[BYT] Bab 21 - Bukan Orang Asing
"Ketika anak-anak tersebut menoleh terkejut padanya, Maya dengan cepat menarik para perundung itu menjauh dari adiknya. "Pergi kalian!" Sontak saja, a"
Ketika anak-anak tersebut menoleh terkejut padanya, Maya dengan cepat menarik para perundung itu menjauh dari adiknya. "Pergi kalian!"
Sontak saja, anak-anak itu berlarian pergi keluar dari gang. Maya masih menatap tajam punggung mereka hingga tak terlihat lagi, sebelum kemudian memusatkan seluruh perhatiannya pada bocah laki-laki yang meringkuk seperti bola.
"Bagian mana yang sakit? Apa kau bisa berdiri?" Dengan lembut, Maya membantu Rafa untuk duduk. Gadis itu meraih tangan adiknya, mencari luka yang kemungkinan besar ditorehkan anak-anak tadi.
"Jangan menyentuhku!" Dengan kasar, Rafa menarik tangannya dari Maya. Matanya yang berkaca-kaca memandang penuh kewaspadaan pada remaja asing di depannya.

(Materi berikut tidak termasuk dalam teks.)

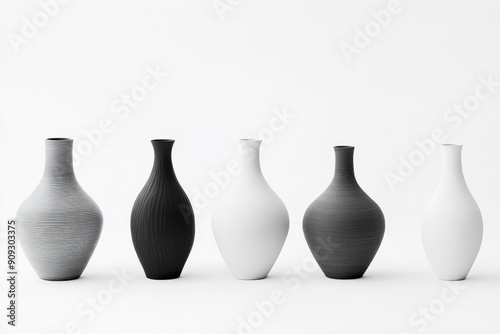 Diverse vase elegance. Materials blend harmoniously. Shapes vary gracefully. White backdrop highlights contours. Soft light reveals textures. Misty aura adds intrigue.
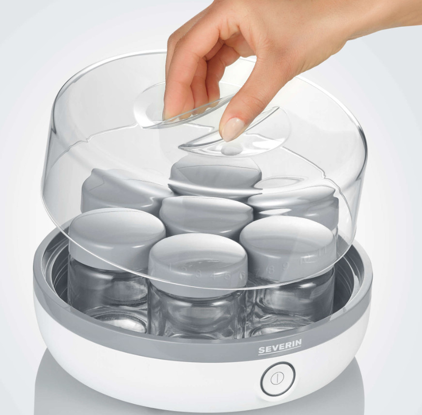 Yaourtière 7 pots - Réalisez facilement de délicieuses préparations maison grâce à cette yaourtière compacte ! - Graduation Mémo : comme aide-mémoire, l'horaire de début ou de fin de préparation peut-être marqué sur la graduation Mémo en tournant simplement le couvercle de l'appareil vers l'horaire correspondant - Livré avec 7 pots en verre de 150 ml chacun avec couvercle à visser - Couvercle transparent avec poignée - Graduation mémo pratique - Pieds caoutchouc antidérapants - Bouton marche-arrêt avec voyant lumineux - Coloris Blanc & Gris - Puissance 13 W - Garantie 2 ans.
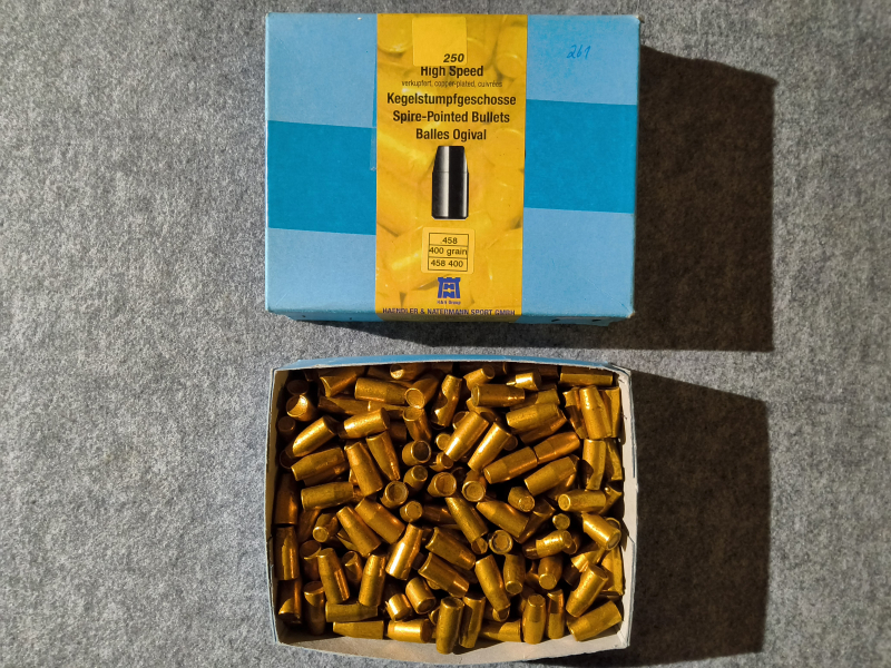 Hallo zusammen, verkaufe hier H u. N High Speed Kugelstumpfgeschosse .458 400grain. Anzahl 250 Stück, Zustand siehe Bilder. Gemäß neuem EU-Recht erfolgt dieser Privatverkauf unter Ausschluss jeglicher Gewährleistung, Garantie, Umtausch und Rücknahme. Bilder sind Bestandteil der Beschreibung und damit der Auktion.
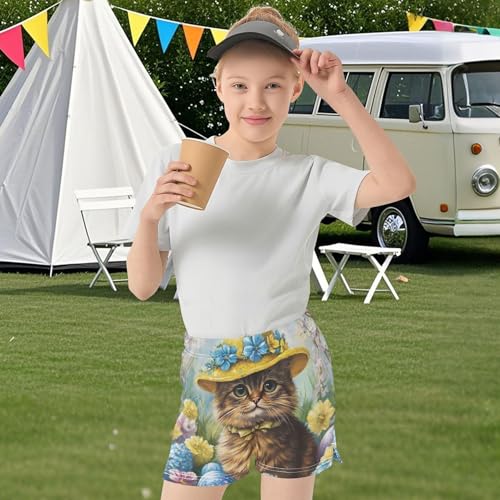 Girls Cute Easter Cat Yellow Hat Lounge Shorts Kids Floral Print Athletic Summer Pajama Shorts, X-Small 5
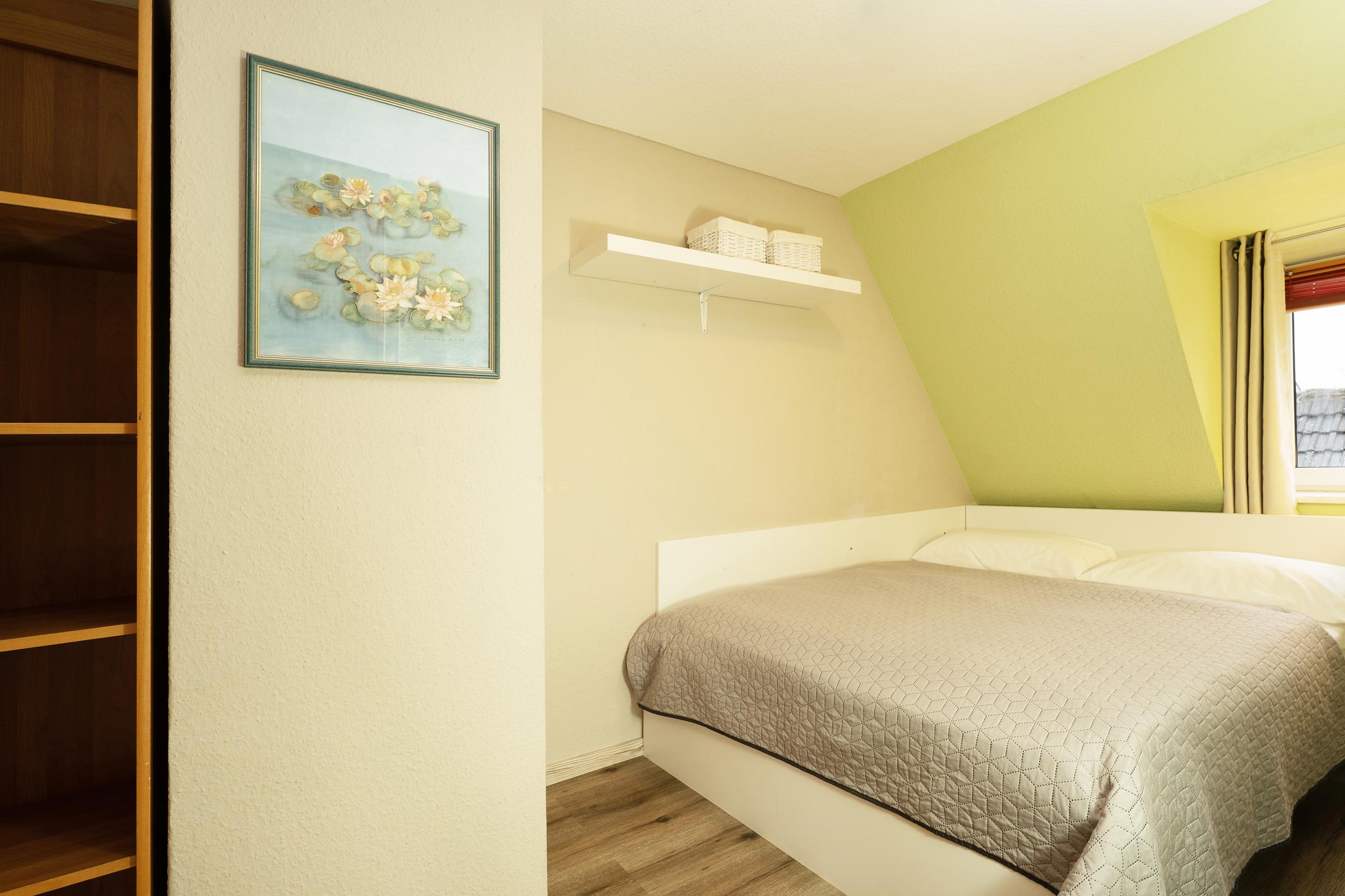 Schlafzimmer 1: 1 Boxspring-Doppelbett (2x 90x200 cm), Kleiderschrank, Innenjalousien.
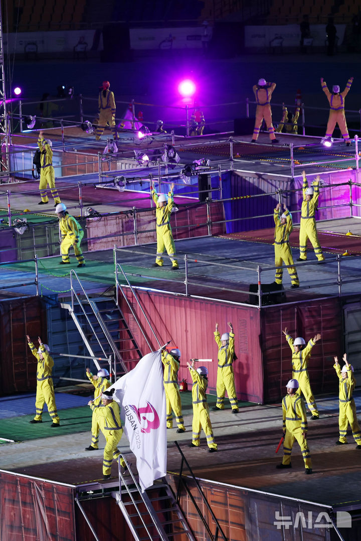 [부산=뉴시스] 하경민 기자 = 제106회 부산 전국체육대회 개회식이 열린 17일 부산 연제구 부산아시아드주경기장에서 축하공연이 펼쳐지고 있다.
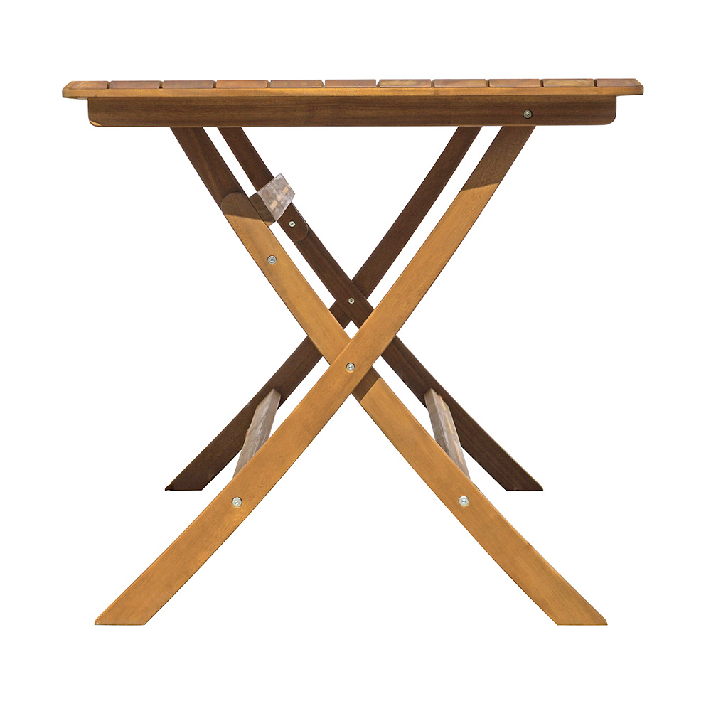 Wykonany z drewna akacjowego , znanego ze swojej wytrzymałości i trwałości, stół jest nie tylko estetyczny, ale także zaprojektowany tak, aby był odporny na działanie czynników atmosferycznych, zapewniając długą żywotność produktu. Czyste linie i kompaktowa konstrukcja idealnie pasują do każdego otoczenia na świeżym powietrzu, tworząc przyjazną przestrzeń do relaksu i spotkań towarzyskich.
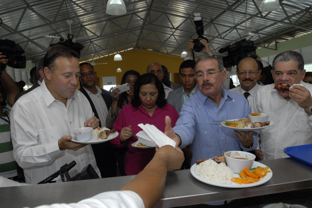 Los presidentes Danilo Medina y Juan Carlos Varela recorrieron las instalaciones de la Escuela Padre Eulalio Arias, aprovechando para probar el almuerzo que se servía hoy, como parte de la Jornada Escolar Extendida.
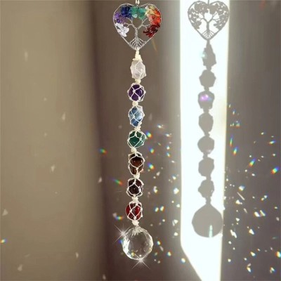 Natural Stone Lucky Tree Car Pendant Crystal Wind Chime Handmade Colorful Gravel Woven Hanging Decor|Car Accessories
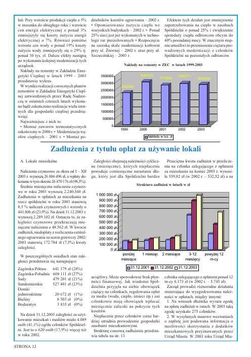 ³añ. Przy wzrocie produkcji ciep³a o 5% w stosunku do ubieg³ego roku i wzrocie cen energii elektrycznej o ponad 3% zmniejszy³y siê koszty zu¿ycia energii elektrycznej o 7%. Równie¿ pomimo wzrostu cen wody o ponad 19% koszty zu¿ycia wody zmniejszy³y siê o 29% tj. ponad 30 tys. z³. Dalsze efekty nast¹pi¹ po wykonaniu kolejnej modernizacji tych urz¹dzeñ. Nak³ady na remonty w Zak³adzie Energetyki Cieplnej w latach 1999 2003 przedstawia wykres. W wyniku realizacji corocznych planów remontów w Zak³adzie Energetyki Cieplnej zatwierdzonych przez Radê Nadzorcz¹ w ostatnich czterech latach wykonano b¹d zakoñczono realizacje wielu istotnych dla gospodarki cieplnej przedsiêwziêæ. Najwa¿niejsze z nich to: Monta¿ zaworów termostatycznych zakoñczony w 2000 r. Modernizacja wêz³ów cieplnych 2001 r. Monta¿ po- dzielników kosztów ogrzewania 2002 r. Opomiarowanie zu¿ycia ciep³a we wszystkich budynkach 2002 r. Ponad 25% sieci jest ju¿ wykonanych w technologii rur preizolowanych Rozpoczêcie na szerok¹ skale modernizacji kot³owni przy ul. ¯niwnej 2002 r. oraz przy ul. Szczeciñskiej 2003 r. Efektem tych dzia³añ jest zmniejszenie zapotrzebowania na ciep³o w zasobach Spó³dzielni o ponad 25% i zwiêkszenie sprzeda¿y ciep³a odbiorcom obcym do 40% posiadanej mocy. W znacznym stopniu umo¿liwi to przeniesienie ciê¿aru prowadzonych modernizacji z cz³onków Spó³dzielni na pozosta³ych odbiorców. Nak³ady na remonty w ZEC w latach 1999-2003 3500000 3000000 2500000 3020310 2775426 2903771 2842260 2255580 2000000 1500000 1000000 500000 0 1999 2000 2001 2002 2003 Nak³ady w tys. z³ Zad³u¿enia z tytu³u op³at za u¿ywanie lokali A. Lokale mieszkalne Naliczenia czynszowe za okres od I XII 2003 r. wynosz¹ 26 886 496 z³, a wp³aty dokonane w tym okresie 26 470 176 z³ (98,5%). rednie miesiêczne naliczenia czynszowe w roku 2003 wynosz¹ 2.240.540 z³. Zad³u¿enia w op³atach za mieszkania na rzecz spó³dzielni w roku 2003 stanowi¹ 8,5 % naliczeñ czynszowych i wzros³y o 441.806 z³ (23,9%). Na dzieñ 31.12.2003 r. wynosz¹ 2.289.102 z³. Oznacza to, ¿e zaleg³oci czynszowe przekraczaj¹ miesiêczne naliczenia o 48.562 z³. W kwocie zad³u¿eñ, niedop³aty z rozliczenia centralnego ogrzewania za sezon grzewczy 2002/ 2003 stanowi¹ 172.784 z³ (7,5%) kwoty zaleg³oci. W poszczególnych osiedlach stan zaleg³oci przedstawia siê nastêpuj¹co: Zagórska-Pó³noc Zagórska-Po³udnie Sady Sandomierskie Domki jednorodzinne Bieliny Bodzentyn 641 379 z³ (28%) 608 111 z³ (27%) 479 201 z³ (21%) 527 401 z³ (23%) 20 672 z³ (1%) 8 503 z³ (0%) 3 835 z³ (0%) Na dzieñ 31.12.2003 zaleg³oci za u¿ytkowanie mieszkañ i mediów mia³o 4.089 osób (41,1%) ogó³u cz³onków Spó³dzielni. Jest to o 620 osób (17,9%) wiêcej ni¿ w roku 2002. STRONA 12 Zaleg³oci obejmuj¹ nale¿noci cykliczne (miesiêczne), których niep³acenie powoduje comiesiêczne narastanie d³ugu, który jest dla Spó³dzielni bardzo Przeciêtna kwota zad³u¿eñ w przeliczeniu na cz³onka zalegaj¹cego z op³atami za mieszkania na koniec 2003 r. wynosi³a 559,82 z³ (w 2002 r. 532,52 z³) a na Struktura zad³u¿eñ w latach w z³ 1 000 000 z³ 900 000 z³ 800 000 z³ 700 000 z³ 600 000 z³ 500 000 z³ 400 000 z³ 300 000 z³ 200 000 z³ 100 000 z³ 0 z³ poni¿ej miesi¹ca 1 miesi¹c 31.12.2001 2 miesi¹ce 31.12.2002 uci¹¿liwy. Mo¿e spowodowaæ brak p³ynnoci finansowej. Jak wiadomo Spó³dzielnia przyjê³a na siebie obowi¹zek ci¹¿¹cy na cz³onkach, regulowania op³at za media (woda, ciep³o, mieci itp.) za cz³onkowie maj¹ obowi¹zek wp³acaæ miesiêcznie zaliczki na pokrycie tych kosztów. Niep³acenie przez cz³onków coraz bardziej utrudnia prowadzenie gospodarki zasobami mieszkaniowymi. Strukturê czasow¹ zad³u¿enia przedstawia tabela na str. 13. 3-12 miesiêcy powy¿ej 12 m-cy 31.12.2003 cz³onka zalegaj¹cego z op³atami ponad 12 m-cy 6.173 z³ (w 2002 r. 5.745 z³). Zarz¹d prowadzi ró¿norodne dzia³ania zmierzaj¹ce do wyegzekwowania nale¿noci w op³atach, miêdzy innymi: 1. Na wniosek d³u¿nika wyra¿a zgodê na sp³atê zad³u¿eñ w ratach. W 2003 tak¹ zgodê uzyska³o 275 cz³onków. 2. W wysy³anych masowo wezwaniach o zap³atê jest podawana informacja o mo¿liwoci skorzystania z dodatków mieszkaniowych przyznawanych przez Urz¹d Miasta. W 2003 roku Urz¹d Mia-
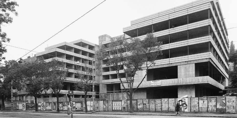 Aki az utóbbi években a Bécsi úton járt, bizonyára észrevette a 104-es szám alatti hatalmas (több mint 8000 négyzetméteres), hétemeletes épületet, amely ijesztő torzóként, valódi szellemházként meredezett a járókelők feje fölé. Falán sokáig tábla is hirdette: vakolatomlás, parkolás csak saját felelősségre.
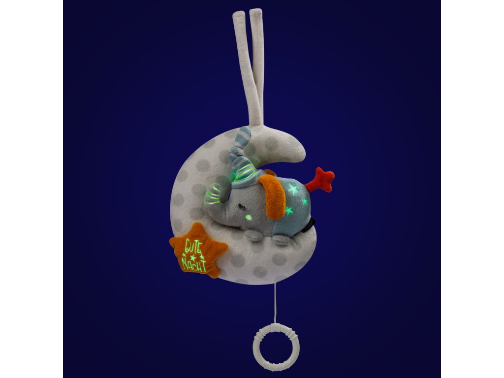 Svetelné prvky na hračke odstraňujú strach dieťaťa z tmy a vytvárajú pocit bezpečia. Slon má aj hrací mechanizmus, ktorý sa spúšťa zatiahnutím za šnúrku.
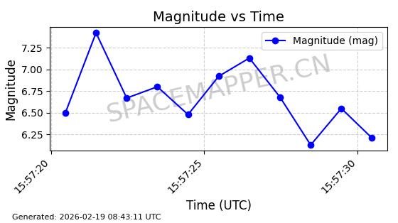 | STARLINK-6157 | 56379 | 56379 | 2023-05-04 同日期轨道 2023-061F 同批次轨道 | 在轨 | 96分钟 | 43.0029 | 558.548 | 559.632 | 0.0000781 | 2026-02-18 03:14:13 | ||
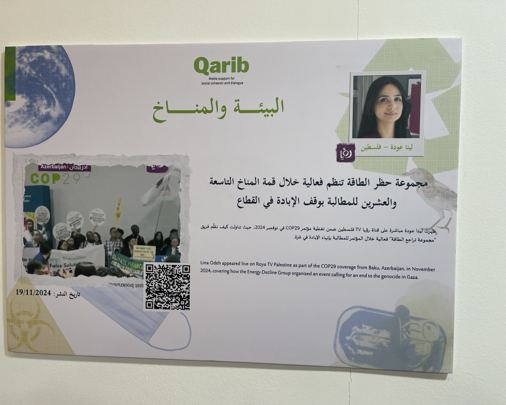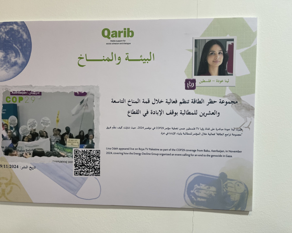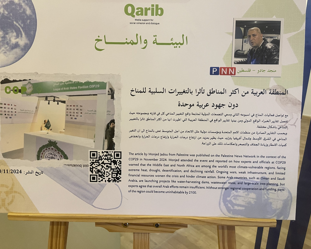 Henrik Ahrens, director of the QARIB media-development project, told PNN that CFI is hosting the exhibition to highlight climate and environmental productions created within the programme across four Arab countries. He said the goal is to inform audiences in Jordan, Palestine, Lebanon and Iraq about the importance of protecting the climate and countering negative environmental impacts.
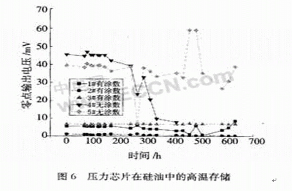 1#,2#,3#涂敷了保護(hù)層,4#,5#沒(méi)有涂敷保護(hù)層。可以看到,沒(méi)有保護(hù)層的傳感器在高溫下存儲(chǔ)了約200 h后,它的零點(diǎn)突然發(fā)生了變化,之后數(shù)據(jù)不穩(wěn)定;涂了保護(hù)層的壓力傳感器的零點(diǎn)在600多小時(shí)后仍然很穩(wěn)定。因此,為了防止硅油的污染導(dǎo)致壓力傳感器的失效,我們采取了一些必要的措施。首先,選擇高溫下盡可能穩(wěn)定的硅油;其次,盡量選擇具有良好鈍化層的芯片;最后,在不影響靈敏度的前提下,還可以在封裝過(guò)程中對(duì)芯片以及引線(xiàn)進(jìn)行涂敷鈍化層的處理。
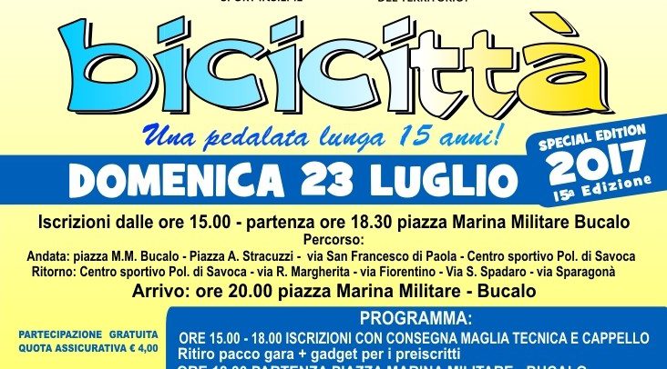 Domenica prossima arriva il classico appuntamento con Bicicitta’ organizzata dalla Polisportiva TC Junior di S.Teresa di Riva e da Radio Empire di Furci SIculo in collaborazione con i comuni di S.Teresa di Riva e di Savoca, giunta alla fatidica soglia delle 15 edizioni. La bicipasseggiata come da tradizione non competitiva e aperta agli amanti delle due ruote di tutte le eta’, partita’ da Piazza Marina Militare Bucalo alle ore 18.30.Le iscrizioni all’ evento saranno possibili dalle ore 15.00 , con consegna ad ogni partecipante di maglia tecnica e cappellino.
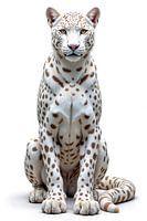 In stiller, souveräner Präsenz sitzt der Leopard im Zentrum der Komposition, seine Erscheinung von eleganter Kraft und makelloser Klarheit geprägt. Sein Fell zeigt sich in einer außergewöhnlichen, hellen Weißheit, durchzogen von präzise gesetzten, warmen Flecken, die wie kunstvolle Ornamente wirken. Jede Linie seines Körpers ist weich…

Maya tersentak kaget. Ah, benar. Kini, ia tidak lagi berada di tubuh aslinya. Rafa jelas tak mengenali dirinya. Meski demikian, sikap defensif itu tetap membuat hati Maya merasa ngilu.
"A-aku- ah, bagaimana jika aku mengantarmu pulang? Aku akan memastikan anak-anak nakal itu tidak mengganggumu lagi. Kita juga perlu mengobati luka–"
"Jangan sok perhatian! Kau hanya orang asing, jangan bersikap seolah-olah mengenalku." Dengan susah payah, Rafa berdiri sambil berpegangan pada tembok. Matanya yang nyalang mengarah tepat pada Maya.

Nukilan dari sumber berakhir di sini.